Starting at the top of the records below and ending with the line that contains "Según fuentes del", print each line exactly as written, skipping the pictures.
====== Data records
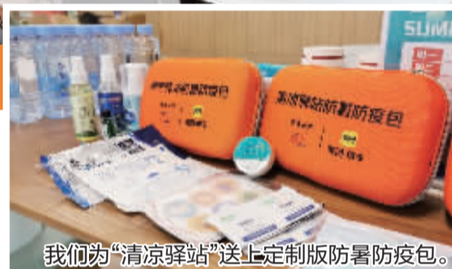
我们为“清凉驿站”送上定制版防暑防疫包。

“我们可以给大家提供绿豆汤!”“我们的清凉驿站,每天送定制凉茶!”这段时间,宁波连续高温,暑热难耐。“清凉驿站”征集令发起后,全市推出了138个“清凉驿站”,让大家都能在家门口享受“清凉”。
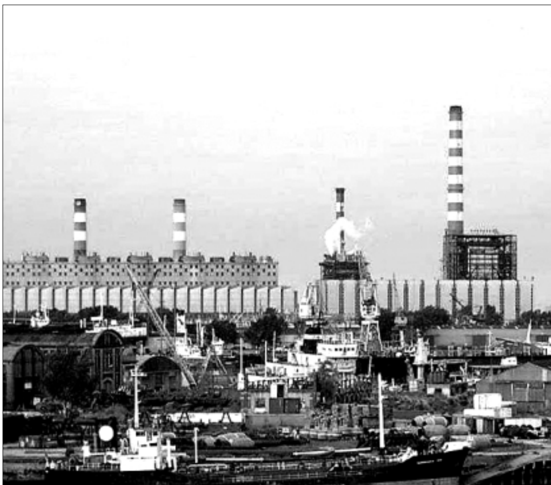
En 2010 se pondrá en funcionamiento un plan de saneamiento del Riachuelo

Según fuentes del Juzgado, "luego del primer plan de reconversión y saneamiento presentado, se dispusieron una serie de objetivos -conformados por 13 puntos- que debe cumplir la ACUMAR, dentro de los que se encuentran por ejemplo: control industrial, limpieza de basurales, limpieza de la mar-
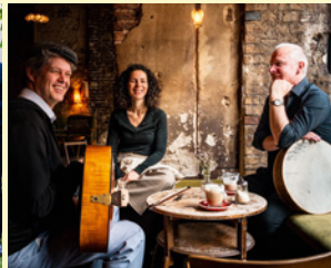
Peter-Pauls-Kantorei Sebnitz und Elbland Philharmonie Sachsen

Sonntag, 29. November 2026 · 16.00 Uhr George-Bähr-Kirche Hohnstein Musikalischer Gottesdienst am 1. Advent
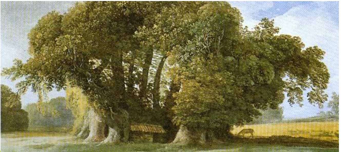
Il castagno dei cento cavalli, (opera di Jean-Pierre Houël ca. 1777), nel Parco dell'Etna, custodisce una memoria storica legata a vicende che si confondono tra realtà e leggenda

Gli alberi monumentali sono vegetali isolati o facenti parte di formazioni boschive naturali o artificiali, che possano essere considerati come rari esempi di maestosità e longevità, per età o dimensioni, o di particolare pregio naturalistico, per rarità botanica e peculiarità della specie, ovvero che rechino un preciso riferimento ad eventi o memorie rilevanti dal punto di vista storico, culturale, documentario o delle tradizioni locali. Tali alberi possono essere ubicati in contesti architettonici particolari come ville, monasteri, orti botanici. Sono presi in considerazione anche i filari e le alberate di particolare pregio paesaggistico, monumentale, storico e culturale, ivi compresi quelli inseriti nei centri urbani. Le piante possono appartenere a specie autoctone (originarie del luogo) o alloctone (provenienti da altri contesti geografici).
============
Response area:
我们为“清凉驿站”送上定制版防暑防疫包。

“我们可以给大家提供绿豆汤!”“我们的清凉驿站,每天送定制凉茶!”这段时间,宁波连续高温,暑热难耐。“清凉驿站”征集令发起后,全市推出了138个“清凉驿站”,让大家都能在家门口享受“清凉”。
En 2010 se pondrá en funcionamiento un plan de saneamiento del Riachuelo

Según fuentes del Juzgado, "luego del primer plan de reconversión y saneamiento presentado, se dispusieron una serie de objetivos -conformados por 13 puntos- que debe cumplir la ACUMAR, dentro de los que se encuentran por ejemplo: control industrial, limpieza de basurales, limpieza de la mar-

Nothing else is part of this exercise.